[[ Input data open ]]

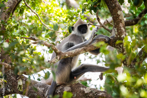 Fototapeta premium group of langur monkeys up on a tree
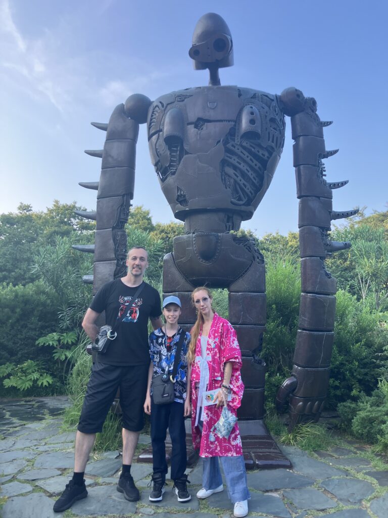 Le musée Ghibli apparaît, recouvert de lierre, comme une maison vivante. À l’entrée, le robot géant du Château dans le ciel veille silencieusement. On entre. On ne prend pas de photos de l’intérieur (c’est interdit), mais chaque pièce devient une image gravée dans la mémoire : le bureau de Miyazaki, les piles de croquis, le chatbus géant pour les enfants, le petit cinéma Saturne avec son court-métrage exclusif, les escaliers qui tournent comme dans un rêve. C’est une immersion totale.
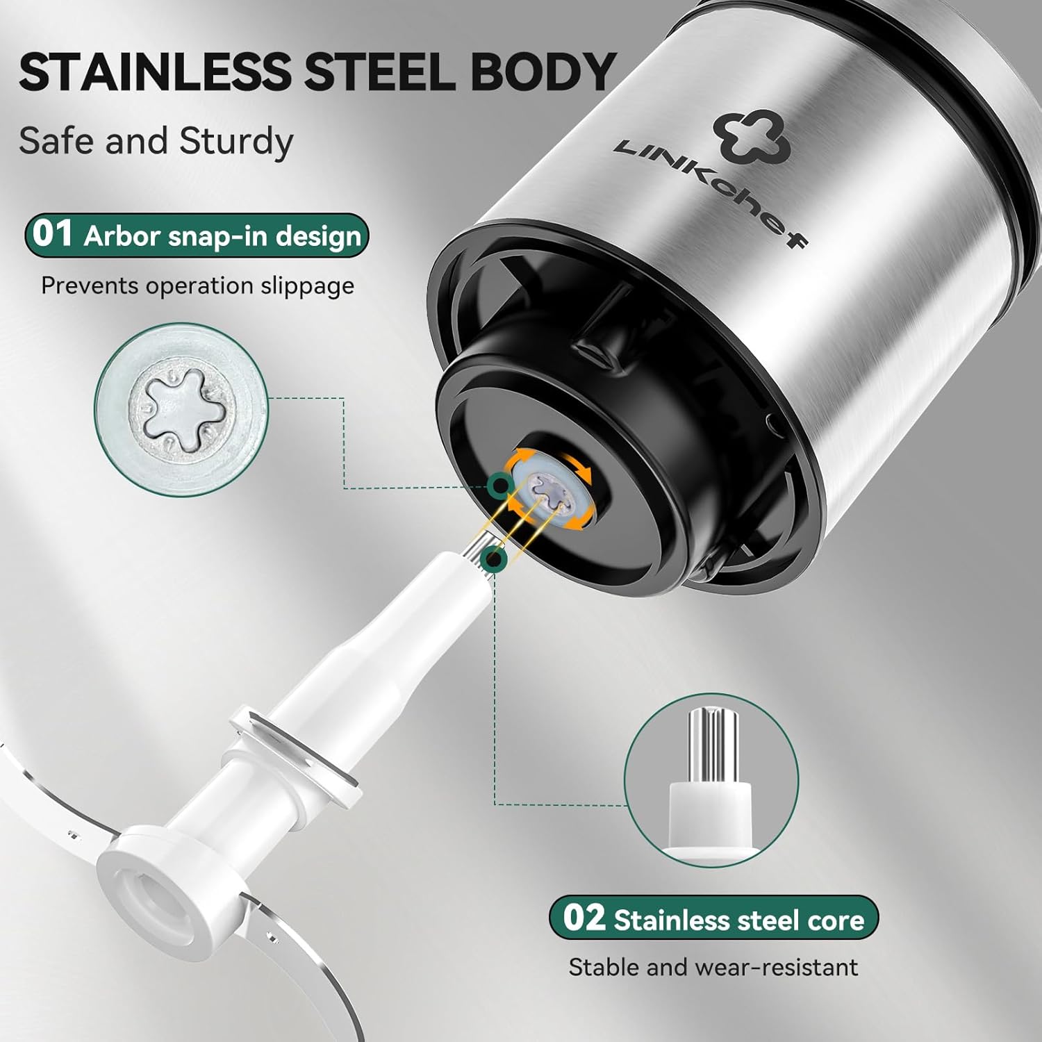 The triple thickened stainless steel bowl ensures that the food chopper is sturdy and hard-wearing. All parts are made of stainless steel/BPA-0, ensure the safety of you and your family’s daily meals.
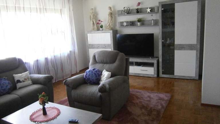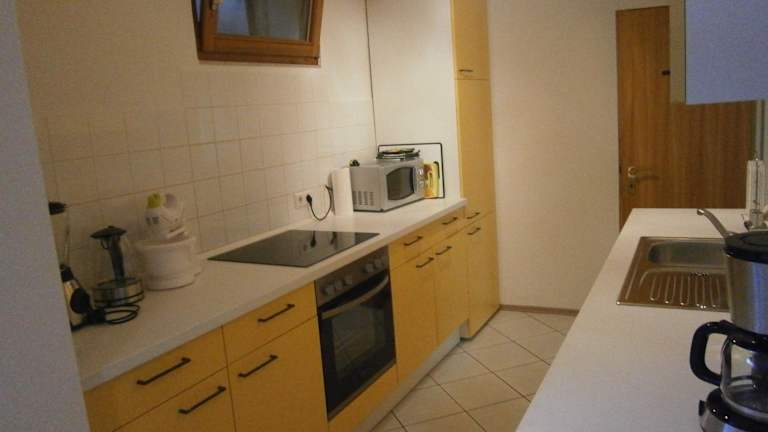 Die Ferienwohnung besteht aus zwei Schlafzimmern, einem Wohnzimmer sowie einer voll ausgestatteten Küche, die mit Kühlschrank und Kaffeemaschine ausgestattet ist. Ein Badezimmer mit Dusche und Haartrockner ist ebenfalls vorhanden. Handtücher und Bettwäsche werden bereitgestellt.

[[ Input data closed ]]

# Task item:
Wherever an image sits in the data, omit it; everything else must be copied exactly.

# Answer to this exercise:
 Fototapeta premium group of langur monkeys up on a tree
 Le musée Ghibli apparaît, recouvert de lierre, comme une maison vivante. À l’entrée, le robot géant du Château dans le ciel veille silencieusement. On entre. On ne prend pas de photos de l’intérieur (c’est interdit), mais chaque pièce devient une image gravée dans la mémoire : le bureau de Miyazaki, les piles de croquis, le chatbus géant pour les enfants, le petit cinéma Saturne avec son court-métrage exclusif, les escaliers qui tournent comme dans un rêve. C’est une immersion totale.
 The triple thickened stainless steel bowl ensures that the food chopper is sturdy and hard-wearing. All parts are made of stainless steel/BPA-0, ensure the safety of you and your family’s daily meals.
 Die Ferienwohnung besteht aus zwei Schlafzimmern, einem Wohnzimmer sowie einer voll ausgestatteten Küche, die mit Kühlschrank und Kaffeemaschine ausgestattet ist. Ein Badezimmer mit Dusche und Haartrockner ist ebenfalls vorhanden. Handtücher und Bettwäsche werden bereitgestellt.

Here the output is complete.